» **Aim of the exercise**:
Copy exactly every line below, from the first through the one that contains "与经济下行担忧共存在是处于1", and skip all pictures.

» **Data listing**:
>>
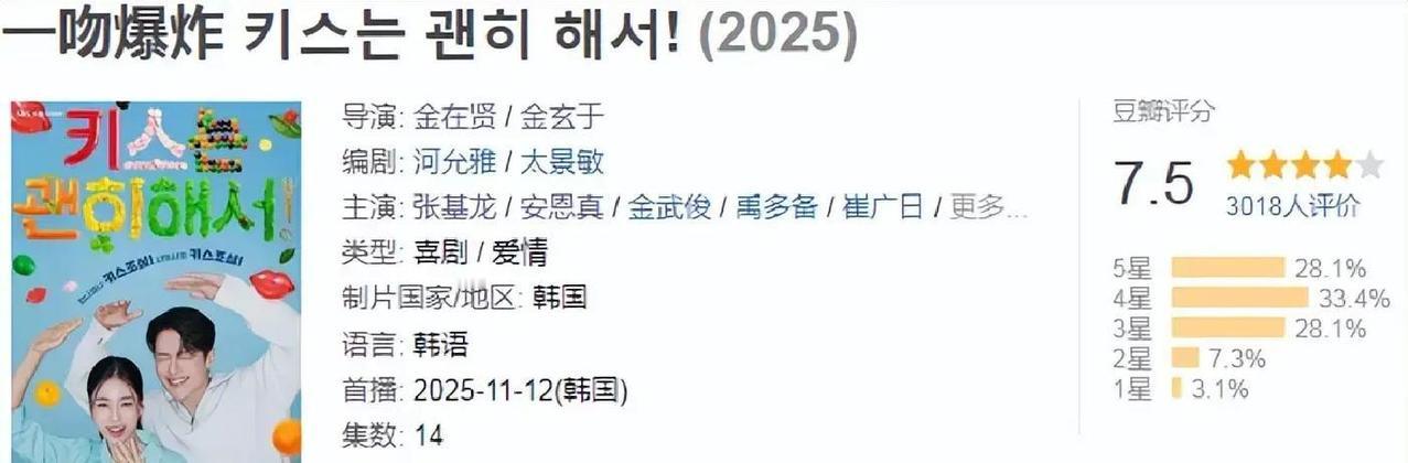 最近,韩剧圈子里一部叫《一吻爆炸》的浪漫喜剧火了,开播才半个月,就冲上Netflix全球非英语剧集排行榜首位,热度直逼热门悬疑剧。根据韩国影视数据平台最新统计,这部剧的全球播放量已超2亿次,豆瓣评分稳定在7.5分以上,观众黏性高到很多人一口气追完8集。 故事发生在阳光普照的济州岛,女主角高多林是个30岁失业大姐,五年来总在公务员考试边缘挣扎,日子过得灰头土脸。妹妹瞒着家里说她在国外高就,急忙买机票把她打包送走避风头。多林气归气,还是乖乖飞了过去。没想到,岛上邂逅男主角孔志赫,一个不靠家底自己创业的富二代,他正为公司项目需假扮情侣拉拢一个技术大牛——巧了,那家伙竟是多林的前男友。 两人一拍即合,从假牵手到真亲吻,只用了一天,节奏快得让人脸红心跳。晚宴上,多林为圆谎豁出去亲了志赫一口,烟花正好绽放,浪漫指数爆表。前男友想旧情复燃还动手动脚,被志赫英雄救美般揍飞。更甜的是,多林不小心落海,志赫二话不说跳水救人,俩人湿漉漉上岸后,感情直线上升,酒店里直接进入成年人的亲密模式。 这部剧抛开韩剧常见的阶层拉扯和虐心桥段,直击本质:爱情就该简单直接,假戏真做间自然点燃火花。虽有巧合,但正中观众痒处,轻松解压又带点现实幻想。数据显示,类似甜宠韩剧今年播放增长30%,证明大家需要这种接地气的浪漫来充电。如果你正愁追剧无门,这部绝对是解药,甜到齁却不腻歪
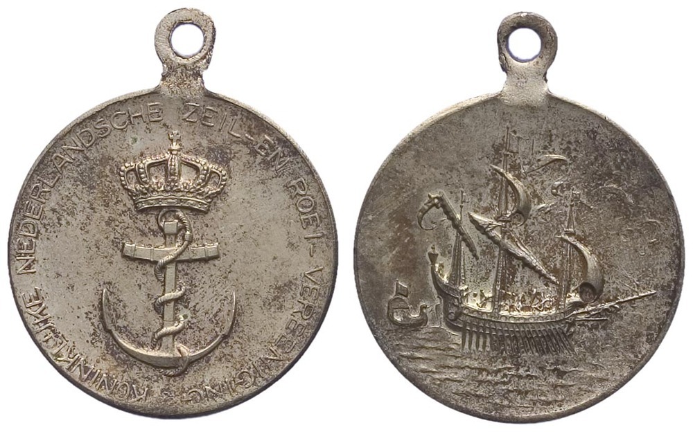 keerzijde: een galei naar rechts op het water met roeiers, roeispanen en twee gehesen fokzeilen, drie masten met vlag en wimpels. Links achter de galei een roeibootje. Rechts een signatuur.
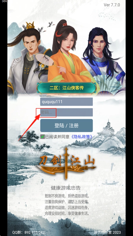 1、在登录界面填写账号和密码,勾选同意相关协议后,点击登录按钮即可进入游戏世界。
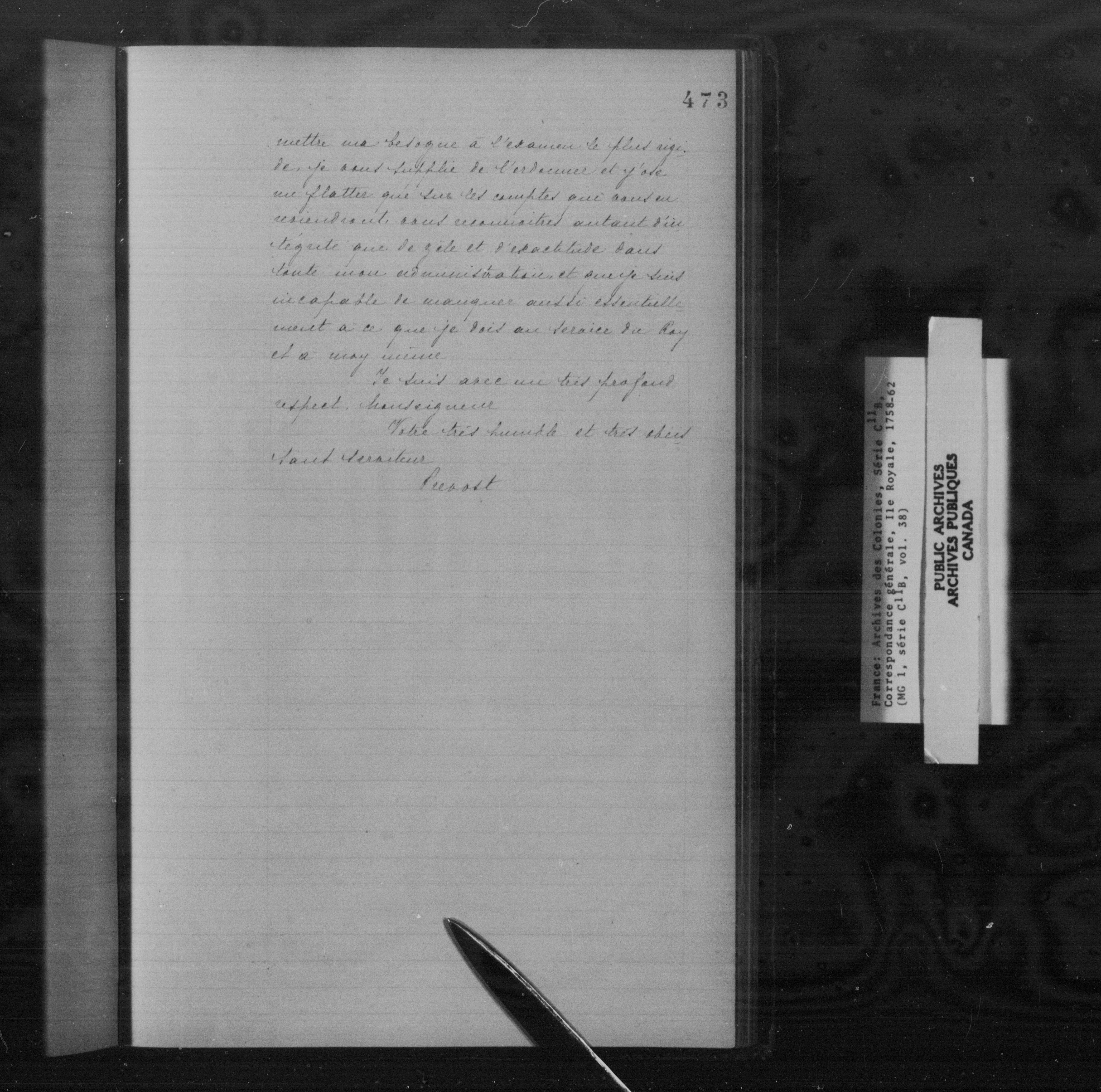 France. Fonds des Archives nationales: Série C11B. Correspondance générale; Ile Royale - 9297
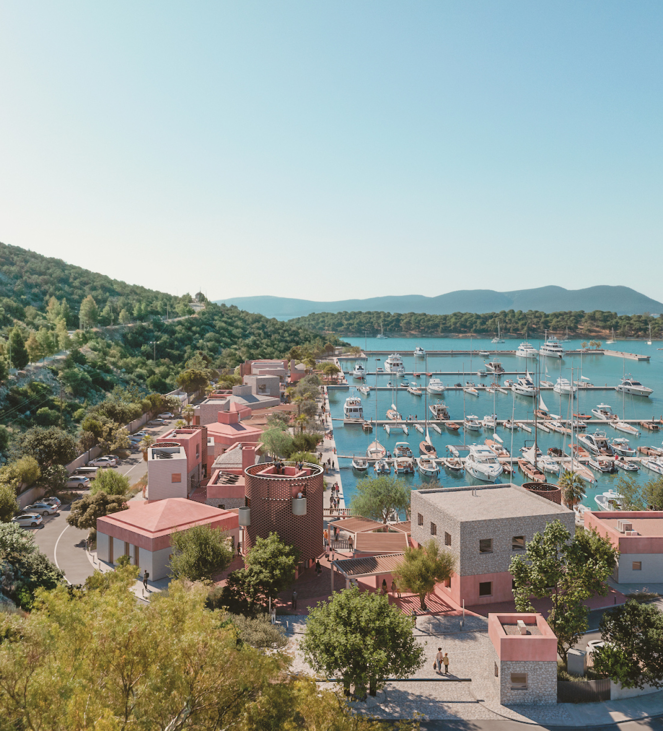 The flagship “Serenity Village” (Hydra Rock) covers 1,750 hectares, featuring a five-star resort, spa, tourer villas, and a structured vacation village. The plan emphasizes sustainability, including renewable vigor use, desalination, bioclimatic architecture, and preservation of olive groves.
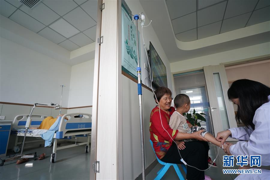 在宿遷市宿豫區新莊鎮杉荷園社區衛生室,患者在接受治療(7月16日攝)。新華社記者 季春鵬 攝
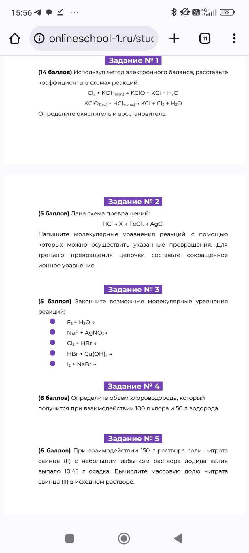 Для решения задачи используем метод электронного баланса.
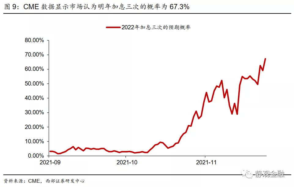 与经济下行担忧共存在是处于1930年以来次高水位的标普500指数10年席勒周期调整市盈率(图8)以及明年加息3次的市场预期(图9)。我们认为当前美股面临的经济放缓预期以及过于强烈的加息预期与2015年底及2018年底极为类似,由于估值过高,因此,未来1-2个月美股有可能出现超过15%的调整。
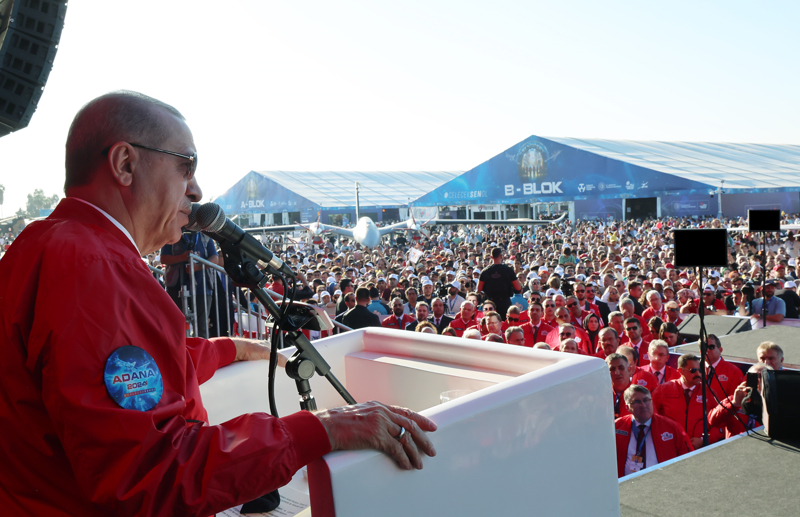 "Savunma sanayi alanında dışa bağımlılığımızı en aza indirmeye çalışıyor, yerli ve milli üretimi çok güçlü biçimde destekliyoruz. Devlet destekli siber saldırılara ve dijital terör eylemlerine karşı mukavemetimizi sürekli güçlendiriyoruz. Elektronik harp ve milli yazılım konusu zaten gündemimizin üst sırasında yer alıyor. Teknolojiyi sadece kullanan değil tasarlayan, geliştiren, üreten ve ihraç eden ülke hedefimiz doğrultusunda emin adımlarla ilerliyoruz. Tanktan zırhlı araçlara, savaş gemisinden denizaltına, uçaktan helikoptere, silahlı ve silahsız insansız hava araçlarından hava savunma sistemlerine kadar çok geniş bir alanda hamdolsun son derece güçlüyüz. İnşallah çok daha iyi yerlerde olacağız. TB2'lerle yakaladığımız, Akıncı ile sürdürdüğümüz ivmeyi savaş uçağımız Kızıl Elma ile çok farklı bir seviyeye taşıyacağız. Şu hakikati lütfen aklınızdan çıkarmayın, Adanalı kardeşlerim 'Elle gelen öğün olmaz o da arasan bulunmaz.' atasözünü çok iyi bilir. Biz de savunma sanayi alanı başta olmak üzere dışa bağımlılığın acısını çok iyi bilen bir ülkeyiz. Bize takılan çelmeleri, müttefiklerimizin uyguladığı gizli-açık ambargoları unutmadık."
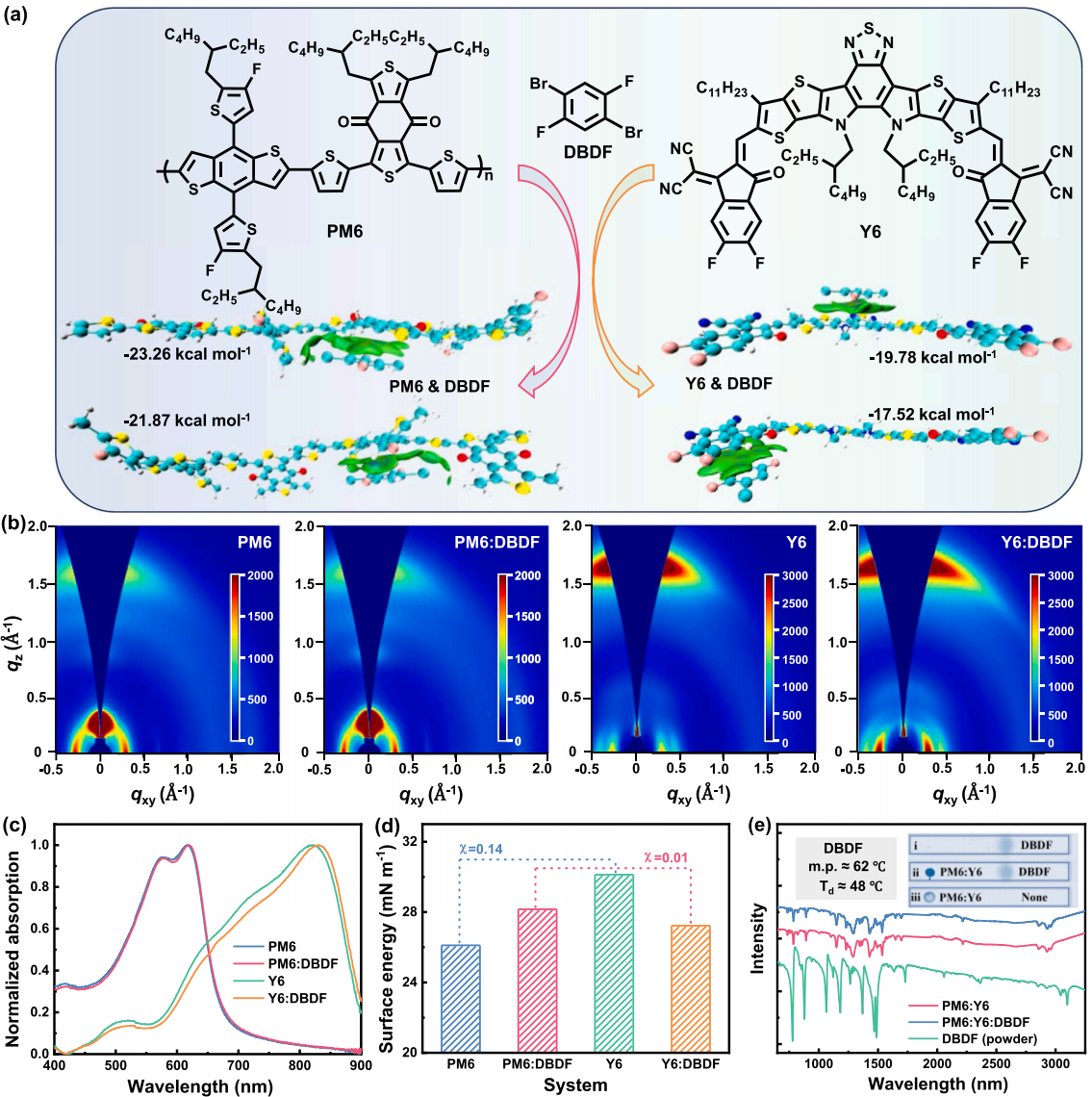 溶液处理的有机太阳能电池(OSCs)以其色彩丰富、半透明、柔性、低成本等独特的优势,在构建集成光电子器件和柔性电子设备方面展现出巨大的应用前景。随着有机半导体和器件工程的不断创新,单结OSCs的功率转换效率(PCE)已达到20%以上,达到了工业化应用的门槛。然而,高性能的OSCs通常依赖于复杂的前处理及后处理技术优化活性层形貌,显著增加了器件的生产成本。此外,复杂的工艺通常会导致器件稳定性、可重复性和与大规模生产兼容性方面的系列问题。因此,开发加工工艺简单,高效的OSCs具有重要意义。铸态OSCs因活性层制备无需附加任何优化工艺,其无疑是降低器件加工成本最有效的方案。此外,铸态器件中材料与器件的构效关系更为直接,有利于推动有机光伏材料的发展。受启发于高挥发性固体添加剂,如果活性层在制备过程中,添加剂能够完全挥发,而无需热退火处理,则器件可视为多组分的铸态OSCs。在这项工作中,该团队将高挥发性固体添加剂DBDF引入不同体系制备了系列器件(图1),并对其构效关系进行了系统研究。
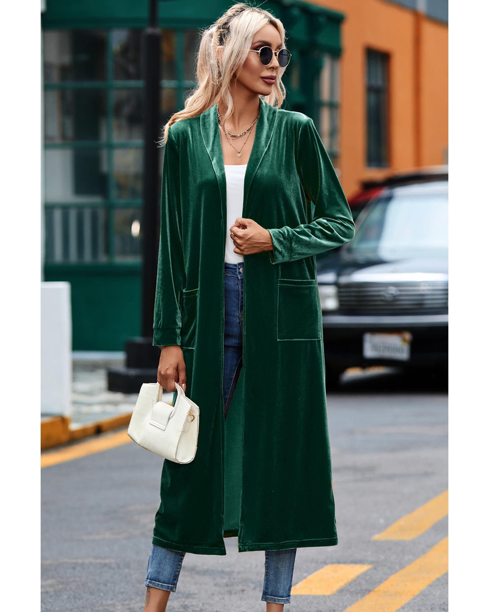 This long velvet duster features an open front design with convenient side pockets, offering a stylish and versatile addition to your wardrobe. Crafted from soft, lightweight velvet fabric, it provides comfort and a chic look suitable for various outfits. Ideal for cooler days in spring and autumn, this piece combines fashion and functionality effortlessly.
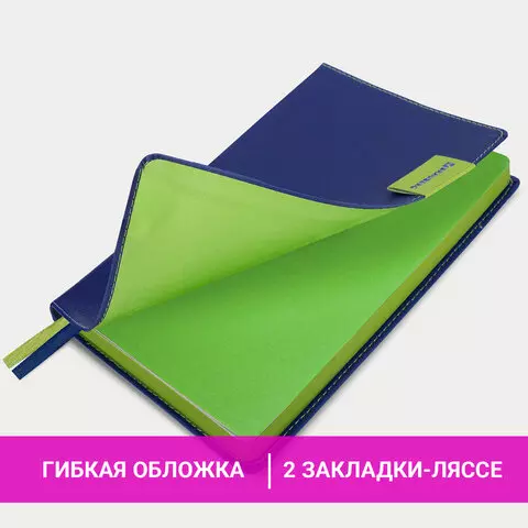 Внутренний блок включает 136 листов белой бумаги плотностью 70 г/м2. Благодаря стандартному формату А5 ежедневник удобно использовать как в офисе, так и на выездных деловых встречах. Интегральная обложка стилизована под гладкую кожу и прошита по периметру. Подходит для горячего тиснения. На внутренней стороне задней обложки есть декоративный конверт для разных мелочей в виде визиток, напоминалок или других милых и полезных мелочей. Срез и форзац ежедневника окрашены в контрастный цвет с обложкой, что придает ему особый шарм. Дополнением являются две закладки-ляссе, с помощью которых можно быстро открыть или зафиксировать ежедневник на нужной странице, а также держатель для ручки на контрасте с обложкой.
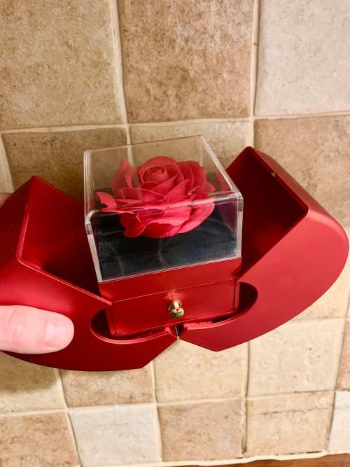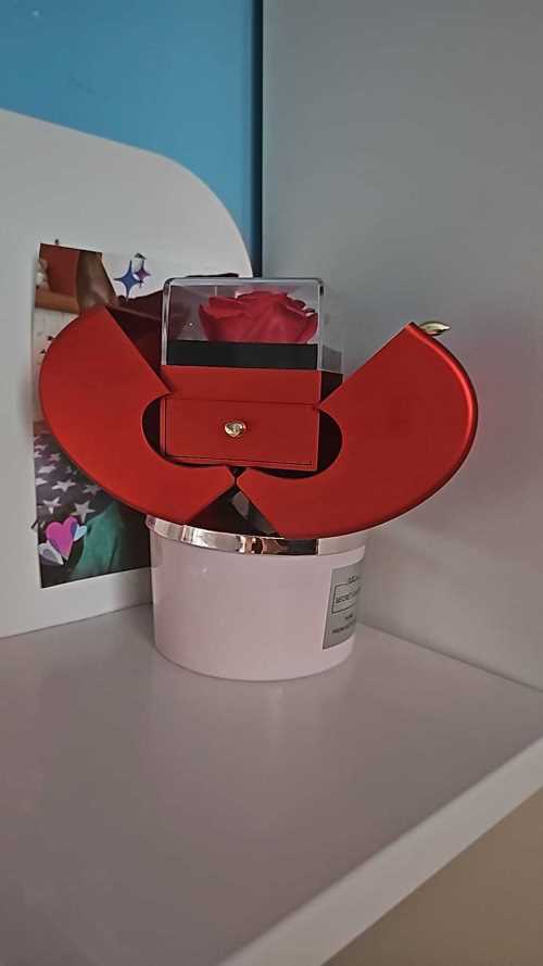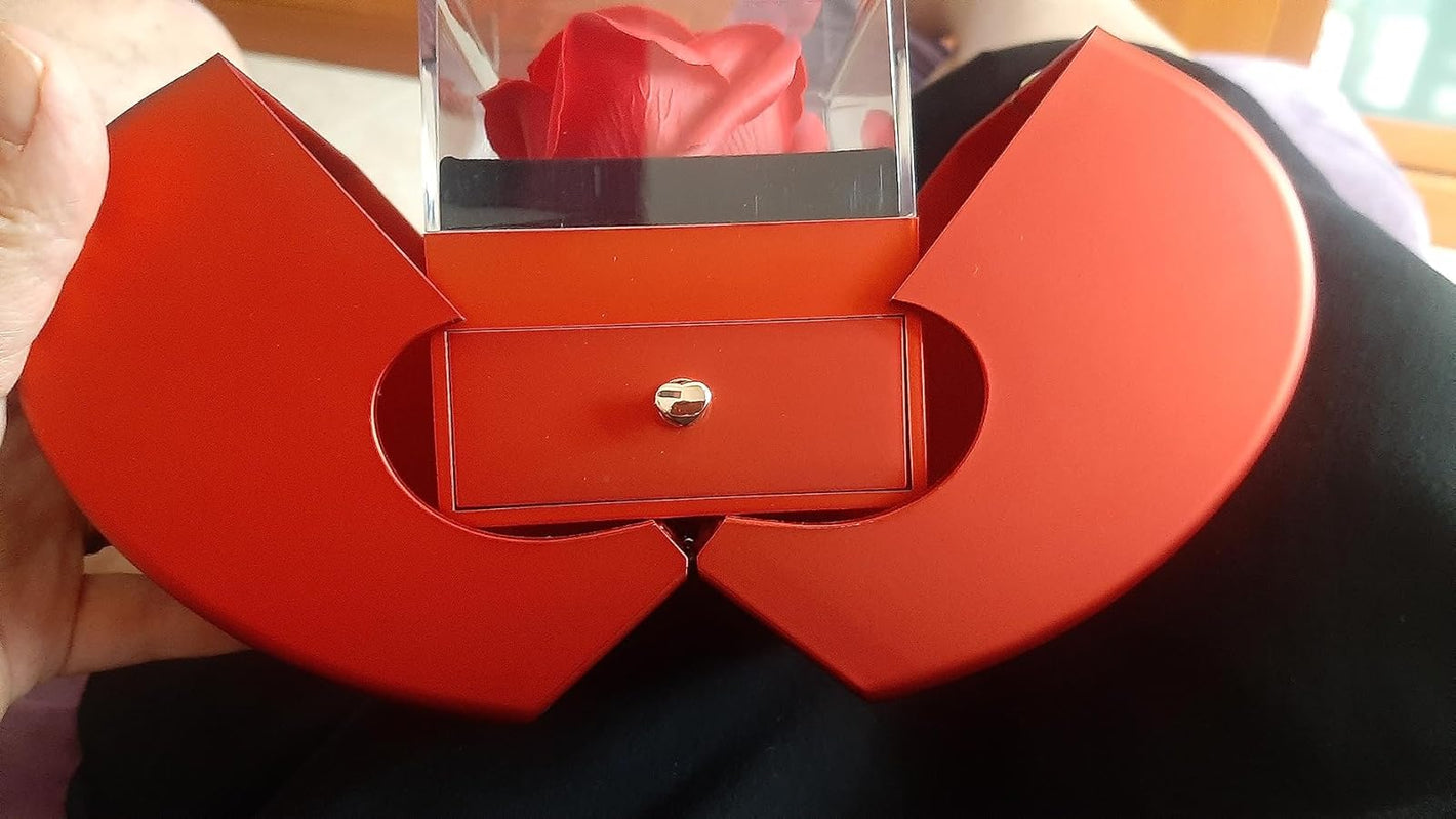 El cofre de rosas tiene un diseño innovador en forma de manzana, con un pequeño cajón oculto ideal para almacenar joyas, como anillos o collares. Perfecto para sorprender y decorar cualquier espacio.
<<
» **Answer for this exercise**:
 最近,韩剧圈子里一部叫《一吻爆炸》的浪漫喜剧火了,开播才半个月,就冲上Netflix全球非英语剧集排行榜首位,热度直逼热门悬疑剧。根据韩国影视数据平台最新统计,这部剧的全球播放量已超2亿次,豆瓣评分稳定在7.5分以上,观众黏性高到很多人一口气追完8集。 故事发生在阳光普照的济州岛,女主角高多林是个30岁失业大姐,五年来总在公务员考试边缘挣扎,日子过得灰头土脸。妹妹瞒着家里说她在国外高就,急忙买机票把她打包送走避风头。多林气归气,还是乖乖飞了过去。没想到,岛上邂逅男主角孔志赫,一个不靠家底自己创业的富二代,他正为公司项目需假扮情侣拉拢一个技术大牛——巧了,那家伙竟是多林的前男友。 两人一拍即合,从假牵手到真亲吻,只用了一天,节奏快得让人脸红心跳。晚宴上,多林为圆谎豁出去亲了志赫一口,烟花正好绽放,浪漫指数爆表。前男友想旧情复燃还动手动脚,被志赫英雄救美般揍飞。更甜的是,多林不小心落海,志赫二话不说跳水救人,俩人湿漉漉上岸后,感情直线上升,酒店里直接进入成年人的亲密模式。 这部剧抛开韩剧常见的阶层拉扯和虐心桥段,直击本质:爱情就该简单直接,假戏真做间自然点燃火花。虽有巧合,但正中观众痒处,轻松解压又带点现实幻想。数据显示,类似甜宠韩剧今年播放增长30%,证明大家需要这种接地气的浪漫来充电。如果你正愁追剧无门,这部绝对是解药,甜到齁却不腻歪
 keerzijde: een galei naar rechts op het water met roeiers, roeispanen en twee gehesen fokzeilen, drie masten met vlag en wimpels. Links achter de galei een roeibootje. Rechts een signatuur.
 1、在登录界面填写账号和密码,勾选同意相关协议后,点击登录按钮即可进入游戏世界。
 France. Fonds des Archives nationales: Série C11B. Correspondance générale; Ile Royale - 9297
 The flagship “Serenity Village” (Hydra Rock) covers 1,750 hectares, featuring a five-star resort, spa, tourer villas, and a structured vacation village. The plan emphasizes sustainability, including renewable vigor use, desalination, bioclimatic architecture, and preservation of olive groves.
 在宿遷市宿豫區新莊鎮杉荷園社區衛生室,患者在接受治療(7月16日攝)。新華社記者 季春鵬 攝
 Для решения задачи используем метод электронного баланса.
 与经济下行担忧共存在是处于1930年以来次高水位的标普500指数10年席勒周期调整市盈率(图8)以及明年加息3次的市场预期(图9)。我们认为当前美股面临的经济放缓预期以及过于强烈的加息预期与2015年底及2018年底极为类似,由于估值过高,因此,未来1-2个月美股有可能出现超过15%的调整。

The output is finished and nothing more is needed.